The Chief smiles for the first time that day. “Thanks, Margaret,” he says, then he turns into the station.


They are holding Shooter Uxley in the first interview room. When the Chief enters, Shooter is fast asleep with his head on the table. The Chief watches him for a second and listens to him snoring. Whatever anxiety he might be feeling is clearly overridden by exhaustion.

Didn’t sleep much last night, buddy? the Chief wonders.

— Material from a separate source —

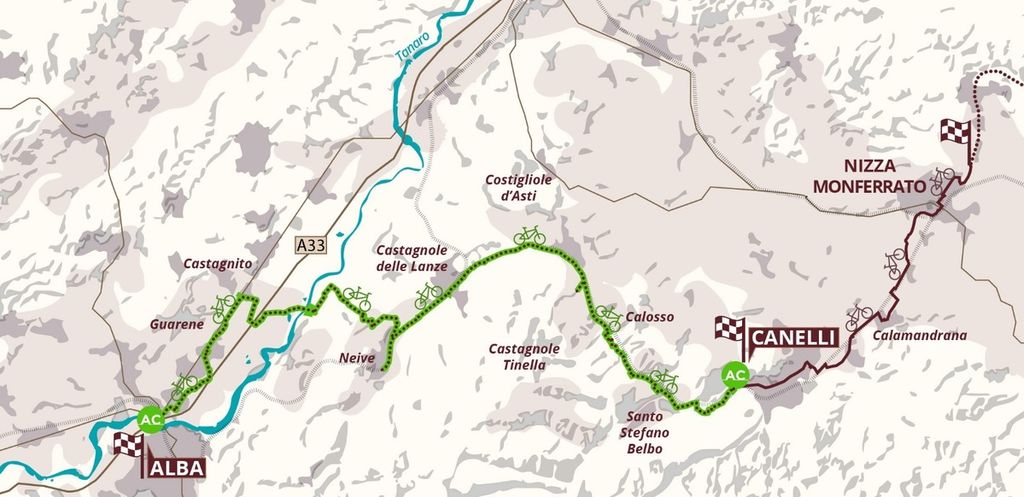 Il tracciato, articolato in sei tratte, prenderà avvio a ovest in prossimità del sottoviadotto dell’A33 ad Alba, non lontano dalle sponde del Tanaro, per concludersi a est a Canelli, nel Parco Giancarlo Scarrone. Non un semplice itinerario turistico, ma un vero asse ciclabile pensato per servire cittadini e visitatori: alla meraviglia dei paesaggi collinari, infatti, si affianca opportunamente il collegamento con scuole, stazioni ferroviarie, impianti sportivi e nodi di interscambio.

Mr. Uxley has taken off his blazer and untucked his shirt. The Chief looks at his paperwork: Michael Oscar Uxley. New York driver’s license, Manhattan address, West Thirty-Ninth Street. Also from New York City, like the deceased. He wonders if Uxley was the father of Ms. Monaco’s baby.

The Chief nudges his arm. “Hey there, wake up. Mr. Uxley, sir?”

Shooter groans and raises his head. He seems disoriented for a second, then he straightens up.

The Chief says, “In case you’ve forgotten, I’m Chief Kapenash, Nantucket Police. You put on some nice moves out there.”

Shooter blinks. “I want a lawyer,” he says.





Thursday, June 22–Friday, June 23, 2017





CELESTE


She doesn’t meet Shooter until she and Benji have been together for nine months. Shooter is Benji’s best friend—so why does it take so long? Well, Shooter is busy. He owns and operates a company called A-List, which provides American retreats for foreign businessmen. What this means essentially is that Shooter has made a career—lucrative, Benji says—out of partying. He takes executives from Asian and emerging Eastern European countries and shows these gentlemen (for his clientele is 100 percent male) an old-fashioned American good time. Much of the “work” is centered in Manhattan. The executives are fond of the long-established steak houses—Smith and Wollensky, Gallagher’s, Peter Luger’s; they like the Intrepid and Times Square; they like the clubs, especially the gentlemen’s clubs on Twelfth Avenue. Shooter also spends a lot of time in Las Vegas. He is, Benji says with a straight face, a Vegas regular. He divides his time between the Aria Sky Suites and the Mandarin Oriental. Shooter himself plays only craps; in prep school at St. George’s, he ran a late-night dice game, and that was the source of his nickname.